WHAT THE EXERCISE ASKS: Your answer must consist of exactly the lines below, starting with the line with "Contains pantry cans." and going on through the line with "Location A East of River District Crossing", and nothing else.

INPUT MATERIAL:
+++

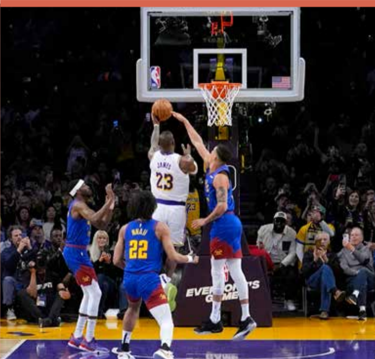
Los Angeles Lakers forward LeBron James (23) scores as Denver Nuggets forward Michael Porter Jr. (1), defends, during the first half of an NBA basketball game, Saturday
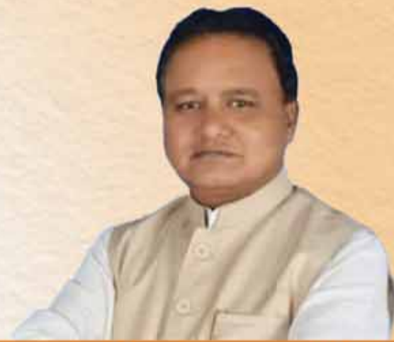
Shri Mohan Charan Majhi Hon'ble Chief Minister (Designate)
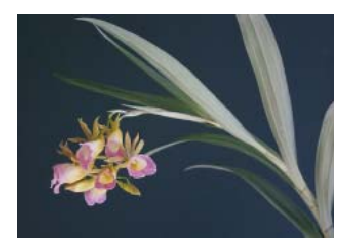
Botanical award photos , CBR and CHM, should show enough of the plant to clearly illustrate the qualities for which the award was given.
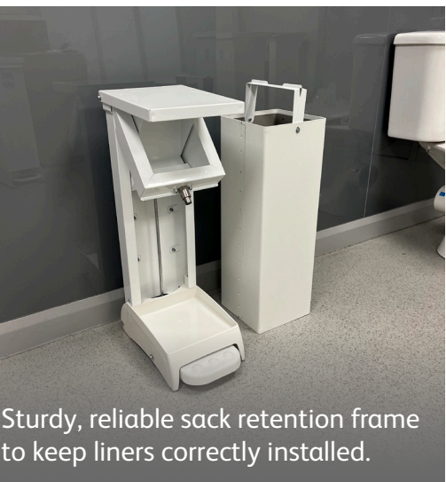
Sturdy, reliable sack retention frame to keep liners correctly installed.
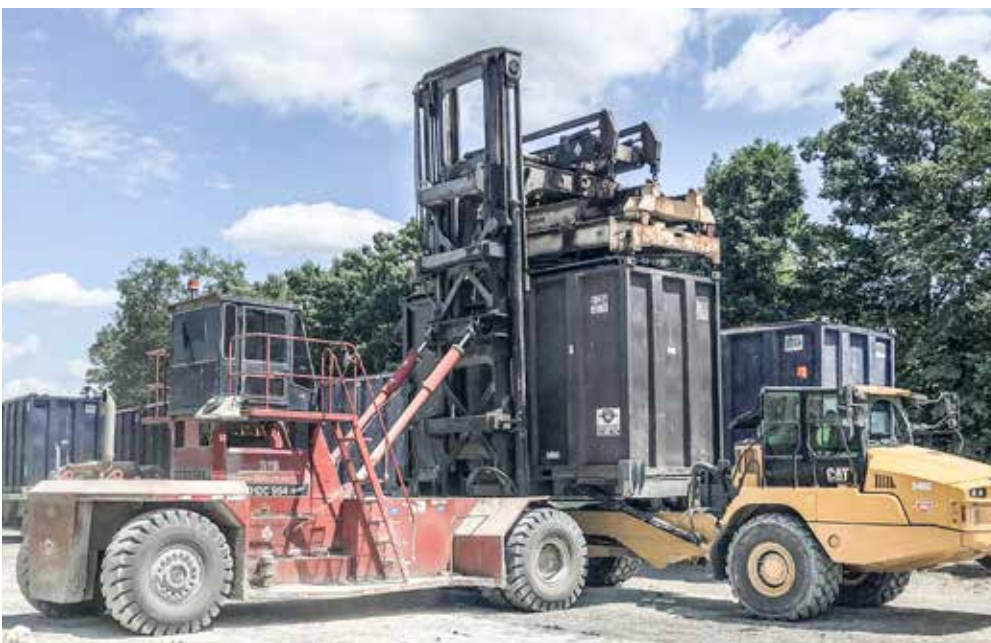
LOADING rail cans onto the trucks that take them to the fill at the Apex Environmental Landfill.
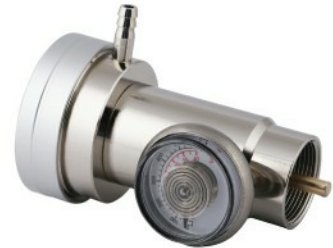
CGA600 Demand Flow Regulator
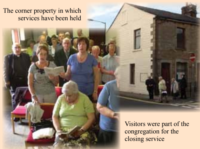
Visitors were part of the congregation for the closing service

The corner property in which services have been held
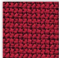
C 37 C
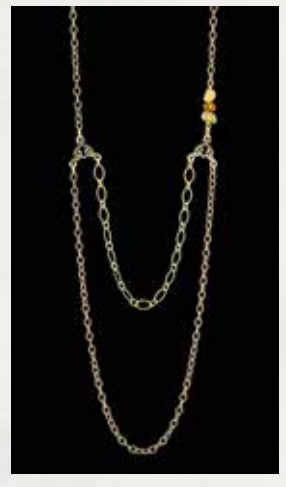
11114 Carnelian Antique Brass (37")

+++

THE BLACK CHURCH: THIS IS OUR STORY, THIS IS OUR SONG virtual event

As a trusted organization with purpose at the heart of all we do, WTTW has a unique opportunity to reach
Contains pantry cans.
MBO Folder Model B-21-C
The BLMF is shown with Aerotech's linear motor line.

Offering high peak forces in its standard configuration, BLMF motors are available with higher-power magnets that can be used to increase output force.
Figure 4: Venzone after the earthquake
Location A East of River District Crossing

+++

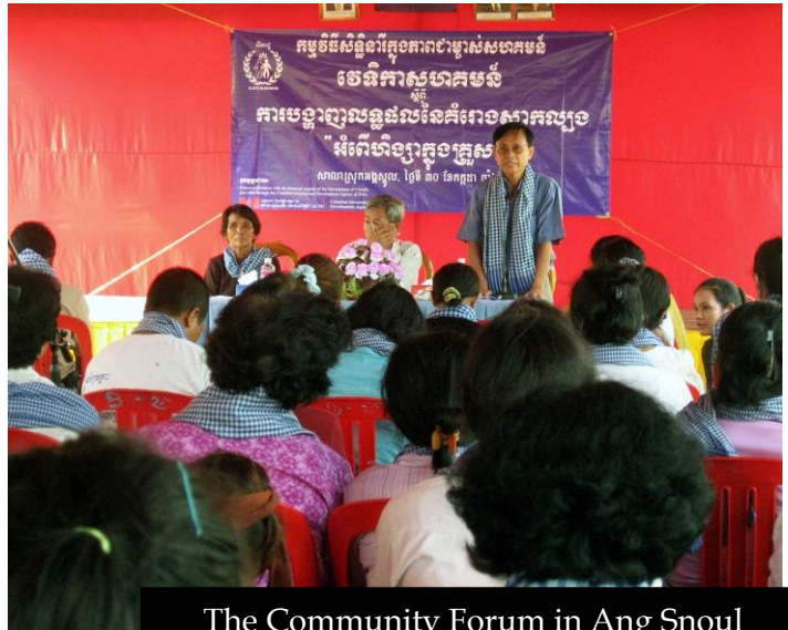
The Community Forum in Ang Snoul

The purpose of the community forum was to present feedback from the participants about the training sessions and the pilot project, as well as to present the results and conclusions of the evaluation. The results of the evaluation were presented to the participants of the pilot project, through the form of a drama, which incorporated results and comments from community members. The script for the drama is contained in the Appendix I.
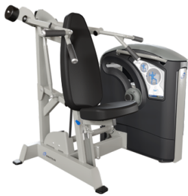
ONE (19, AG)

+++

ANSWER:
Contains pantry cans.
MBO Folder Model B-21-C
The BLMF is shown with Aerotech's linear motor line.

Offering high peak forces in its standard configuration, BLMF motors are available with higher-power magnets that can be used to increase output force.
Figure 4: Venzone after the earthquake
Location A East of River District Crossing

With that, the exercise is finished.